We demonstrated the use of graphene microelectrodes functionalized with a soluble variant of the human MOR for neuropeptide detection with high sensitivity (picomolar level) and specificity in biofluids with physiological ionic strength. The kinetics and equilibrium binding properties of two neuropeptides, [d-Ala², N-MePhe⁴, Gly-ol]-enkephalin and β-endorphin, were investigated and quantified. The results were in excellent agreement with benchmarks set by conventional radioligand and optical assays, as well as neuropeptide biosensors based on field-effect transistors that were measured in the dry state. The size of the active sensor region for this work was 50 μm × 50 μm, on the scale of larger neurons, but this could be reduced to the scale of the smallest neurons (~4 μm) using optical lithography. The measurement time was ~30 min, which enabled determination of the relevant fitting parameters with high precision. If a microelectrode sensor was precalibrated so the time constant for a given concentration was known, then it might be possible to determine the concentration more rapidly by simply fitting the first few minutes of the time trace (Figure 2). These all-electronic biosensors are therefore potentially suitable for development for use in in vitro clinical testing or implantable systems for interrogating neuropeptide secretion with high spatial and time resolution.

METHODS

Graphene Growth.

Copper foil (99.8% purity) was loaded into a 4 in. quartz tube furnace and annealed for 30 min at 1050 °C in an ultrahigh purity (99.999%) hydrogen atmosphere (flow rate = 80 sccm; pressure of 850 mT at the tube outlet) for removal of oxide residues. Graphene was then deposited by low-pressure chemical vapor deposition using methane as a precursor (flow rate = 45 sccm, growth time of 60 min).

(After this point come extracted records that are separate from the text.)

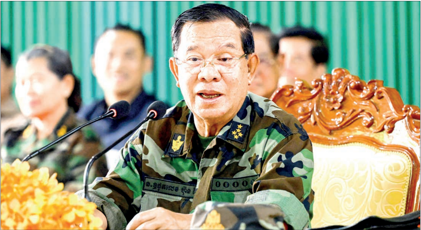
This pool photo taken and released on 26 June 2025 by Agence Kampuchea Presse (AKP) shows Cambodia’s Senate President Hun Sen delivering a speech during his visit to Cambodian armed forces stationed along the border with Thailand in Oddar Meanchey province on 26 June 2025. PHOTO: AFP/FILE

S AMDECH Techo Hun Sen, president of the ruling Cambodian People’s Party, said on Wednesday that the kingdom is committed to strictly and fully implementing a ceasefire with Thailand to restore peace for both nations. Hun Sen, also president of the senate, said restoring peace between Cambodia and Thailand will also contribute to peace, security, stability, and prosperity in the region. “Cambodia expresses its deepest gratitude to all friendly countries and the international community, particularly the United States, the People’s Republic of China, and ASEAN member states under the coordination of Malaysia as the ASEAN Chair, for their active assistance and participation in seeking this peaceful solution,” he said. Cambodia and Thailand agreed to an immediate ceasefire on 27 December 2025, after three weeks of armed conflict that caused casualties on both sides. — Xinhua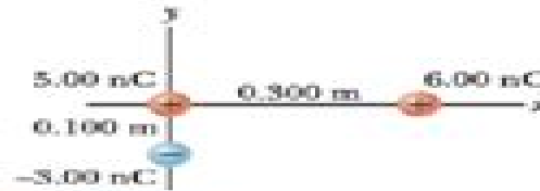
Figure P23.11 Problems 11 and 35.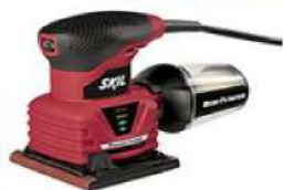
1/4" Sheet Palm Sander, 2 Amps (7292-02)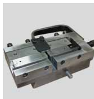
▲ Jaw box (exchangeable)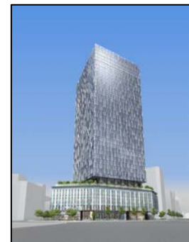
Dai Nagoya Building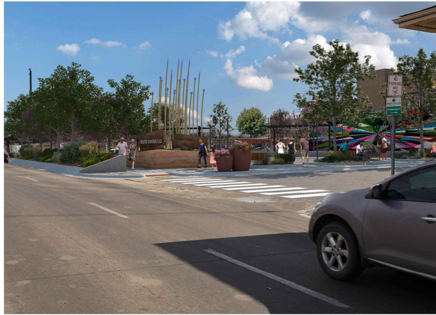
FOUNDERS PLAZA | PHASE I 3D PERSPECTIVE 01.10.2020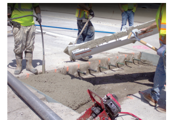
ACPA Figure 8. Full-depth repair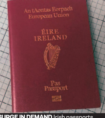
SURGE IN DEMAND Irish passports

breaks in offices in Cork and Balbriggan," he added.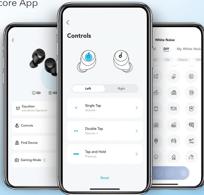
Image: The Soundcore app's control customization screen, allowing users to assign functions to single tap, double tap, and tap and hold gestures for each earbud.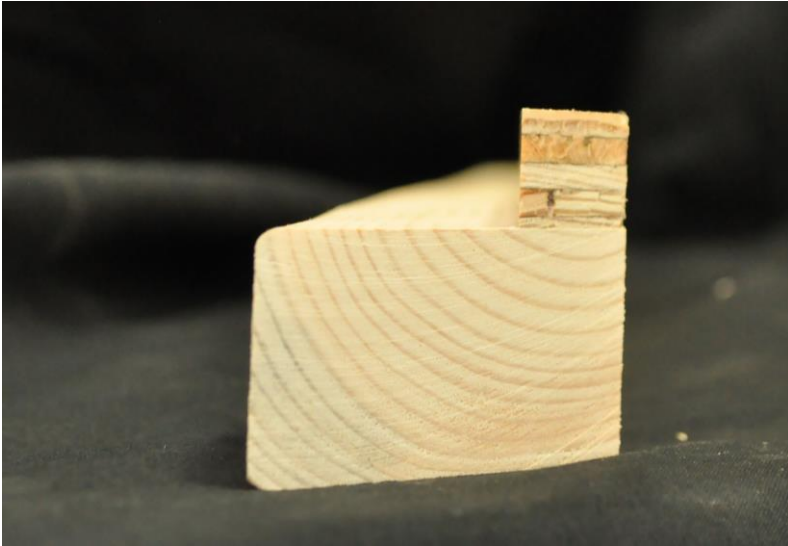
Construct jig to match bar rail installation

Graphene Device Fabrication.

The graphene−copper growth substrate was coated with a 500 nm layer of poly(methyl methacrylate) (PMMA, MICROCHEM), and the PMMA−graphene film was floated off the surface by immersion in a 0.1 M NaOH solution with the graphene−copper growth substrate connected to the cathode of a power supply. The PMMA−graphene film was transferred onto a silicon wafer with an array of 5 nm/40 nm Cr/Au contact electrodes that was previously fabricated using photolithography. After removal of PMMA with acetone, the graphene film was cleaned by annealing at 250 °C in 1000 sccm argon and 400 sccm hydrogen for 1 h.

For the FET-based devices, 2 μm × 10 μm graphene channels were defined by photolithography (photoresist S1813, MICROCHEM) and oxygen plasma etching. For the graphene microelectrodes, 50 μm × 50 μm graphene electrodes were defined by photolithography (photo-resist AZ 5214 E, MICROCHEM) followed by oxygen plasma etching. A layer of photoresist SU-8 (MICROCHEM) was then applied to the device, and the passivation layer covering the electrodes was defined by photolithography.

Graphene Functionalization.

Graphene electrodes were incubated in 1 mM 1-pyrenebutyric acid N-hydroxysuccinimide ester solution in ethanol for 20 h and then washed thoroughly with methanol and deionized water to fully remove residual solute and solvent. Next, the devices were incubated in 3 μg/mL wsMOR solution in PBS (137 mM sodium chloride, 2.7 mM potassium chloride, 10 mM phosphate, pH 7.4) for 1 h for protein immobilization. After wsMOR functionalization, the PBASE that had not bound to wsMOR was passivated by exposing the chips to PBS with pH 8.6 for 1 h, much longer than the half-life of PBASE at this pH (~10 min).³⁹

Charge Transfer Measurement Using Graphene Micro-electrodes.

The noninverting input of the operational amplifier in an electrometer (Keithley 6517a) was grounded. The inverting input was connected to the graphene microelectrode, which connected the microelectrode to a virtual ground, so all charge transferred into the microelectrode was delivered to the feedback capacitor C_f in Figure 1a to produce the measured voltage readout. To start the measurement, the microelectrode was exposed to a solution of wsMOR at known concentration in 1× PBS (137 mMsodium chloride, 2.7 mM potassium chloride, 10 mM phosphate, pH 7.4), and a time trace of the sensor response was taken immediately.